Instructions to follow. In the listing below, find the line holding "By mid-August, Paxton" and the line holding "赛后来自德转的统计指出,此战". Write out those two lines and all lines between, exactly, and nothing more.

### Extracted entries

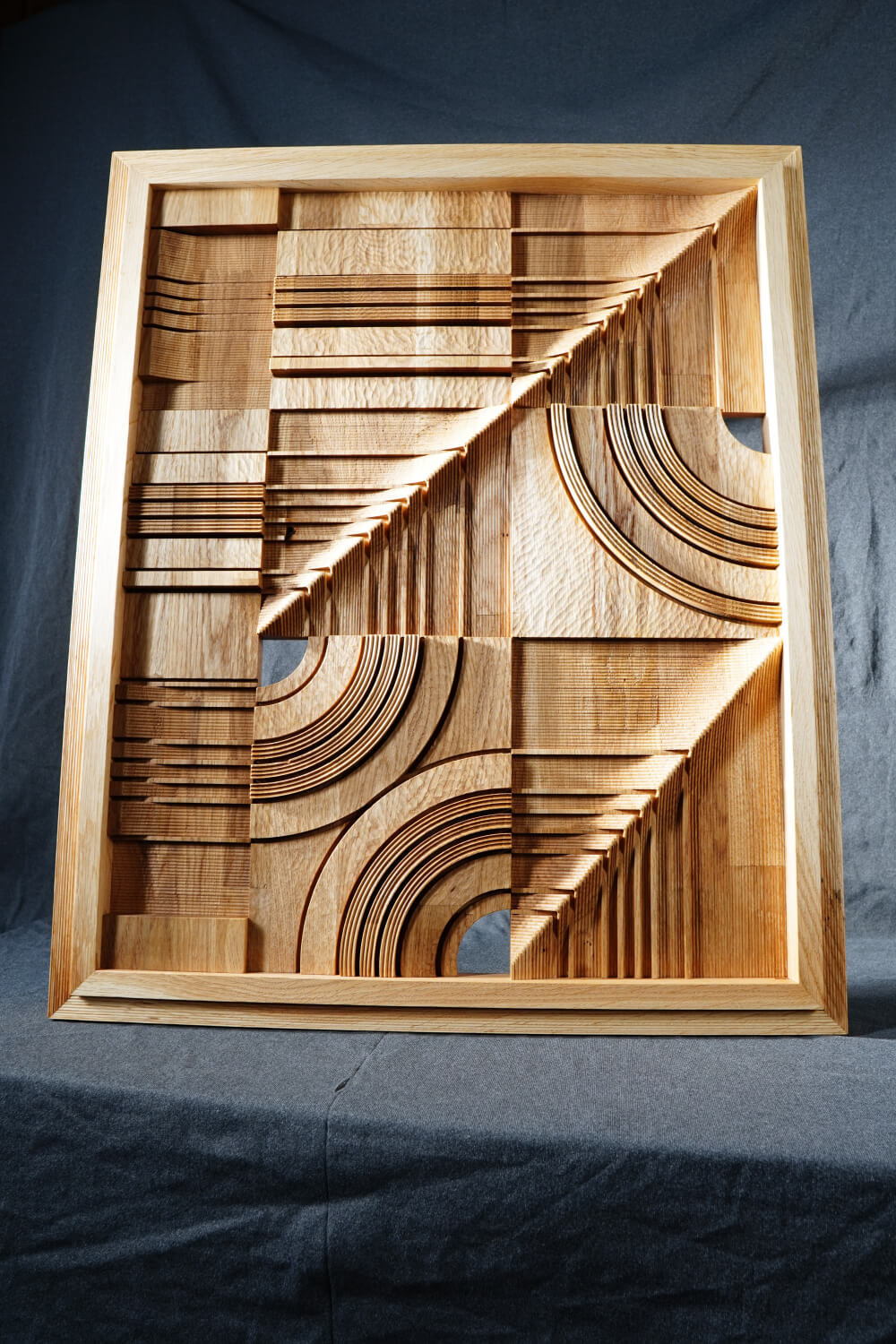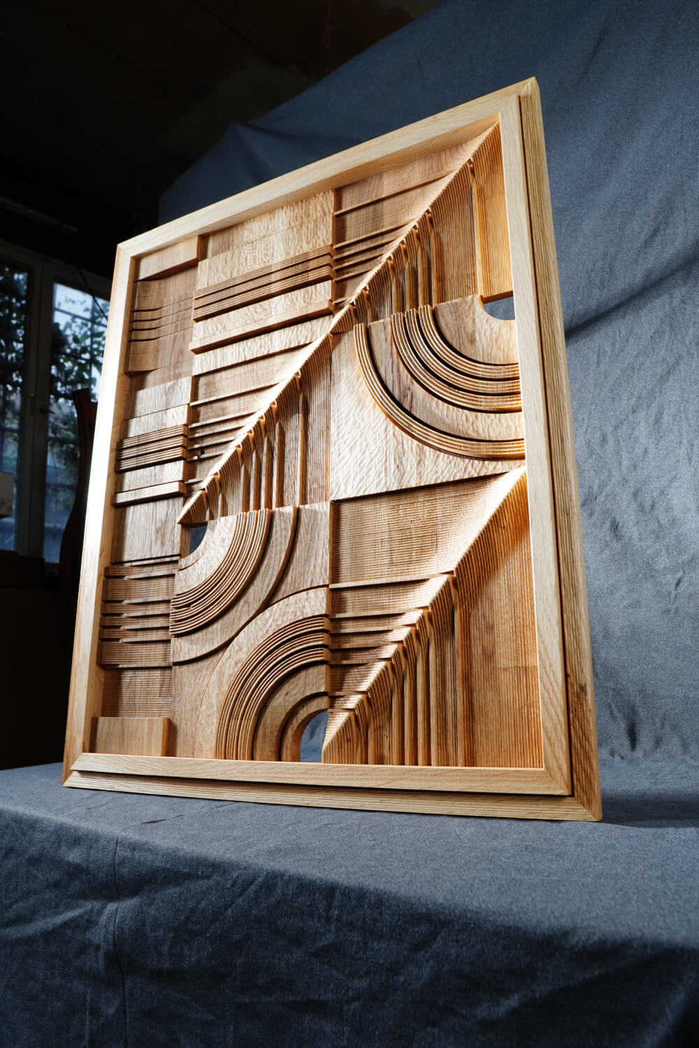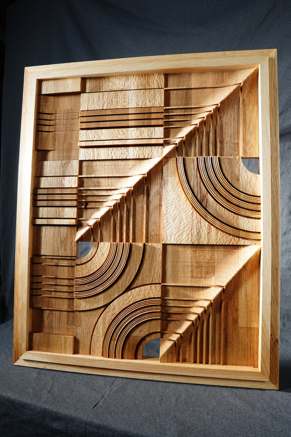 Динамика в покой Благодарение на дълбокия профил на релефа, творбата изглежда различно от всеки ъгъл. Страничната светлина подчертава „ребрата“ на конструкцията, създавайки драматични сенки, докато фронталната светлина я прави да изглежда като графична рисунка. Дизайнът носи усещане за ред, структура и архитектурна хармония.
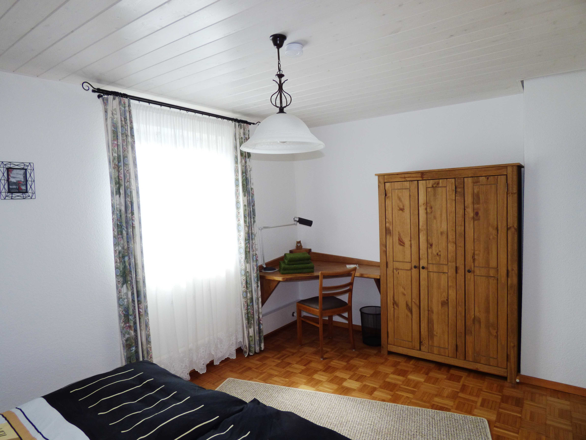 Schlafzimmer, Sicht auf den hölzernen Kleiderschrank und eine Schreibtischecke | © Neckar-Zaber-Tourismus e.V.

######
### Extracted entries

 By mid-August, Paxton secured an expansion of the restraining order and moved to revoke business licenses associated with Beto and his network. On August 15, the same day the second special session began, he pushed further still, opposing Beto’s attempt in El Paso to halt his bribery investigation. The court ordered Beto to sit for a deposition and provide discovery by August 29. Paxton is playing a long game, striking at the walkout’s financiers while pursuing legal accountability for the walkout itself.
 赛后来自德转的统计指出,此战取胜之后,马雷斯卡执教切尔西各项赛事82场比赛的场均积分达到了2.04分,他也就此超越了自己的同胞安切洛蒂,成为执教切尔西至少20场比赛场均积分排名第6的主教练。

######

Response to this exercise.
 By mid-August, Paxton secured an expansion of the restraining order and moved to revoke business licenses associated with Beto and his network. On August 15, the same day the second special session began, he pushed further still, opposing Beto’s attempt in El Paso to halt his bribery investigation. The court ordered Beto to sit for a deposition and provide discovery by August 29. Paxton is playing a long game, striking at the walkout’s financiers while pursuing legal accountability for the walkout itself.
 赛后来自德转的统计指出,此战取胜之后,马雷斯卡执教切尔西各项赛事82场比赛的场均积分达到了2.04分,他也就此超越了自己的同胞安切洛蒂,成为执教切尔西至少20场比赛场均积分排名第6的主教练。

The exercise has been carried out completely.